- Programming in general is a thing I struggle with. I believe myself to be fairly competent with DM and have been trying to improve with it over the last year, but when it comes to actually creating a system or such, I basically hit a brick wall. I can never decide on the best way to handle something. This mindset partially comes from some older projects I did that were... complete messes when I got any progress in them. I'd rather do it right the first time than end up with a huge convoluted pile of garbage that I have to fix.
- Motivation is another. When I have an idea and work on it a bit, then stop and start again another day, I always sit back and go "why bother? Who would think this is fun? Would someone pay for this if I wanted to try to make money off of this?" Even with simple ideas that I know for a fact I could create, I always run into motivational problems.
- Teamwork, when looking at it, is something I've never been able to do. All of my projects thus far have been pretty much myself without help. At a point, I go "I wish I had someone to help me", and even attempt to seek help. When I get help though, I honestly don't know what to do with it because I prefer to write everything myself (a faulty reason behind why I don't use libraries, I've never felt comfortable using another's code due to how I like to format mine). Working on a project alone is certainly a motivation killer for me.
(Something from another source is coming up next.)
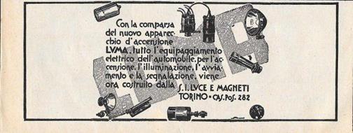 LUMA apparecchi d'accensione per automobili. Advertising 1928

I've wrote down on a notepad that sits on my desk that says "FINISH A GAME BY SEPTEMBER 15TH YOU LOON", and every day I look at it. I want to finish a game by September 15th, but I cannot make myself do it. I have no incentive, no drive, but I want to do it. Something is horribly wrong with me.
In other news, I beat Regressia about a week or two ago and I must say it was a very fun ride. Never before have I been so into a game and the mysteries hidden within it. I whole-heartily recommend it to anyone that likes RPGs, etc.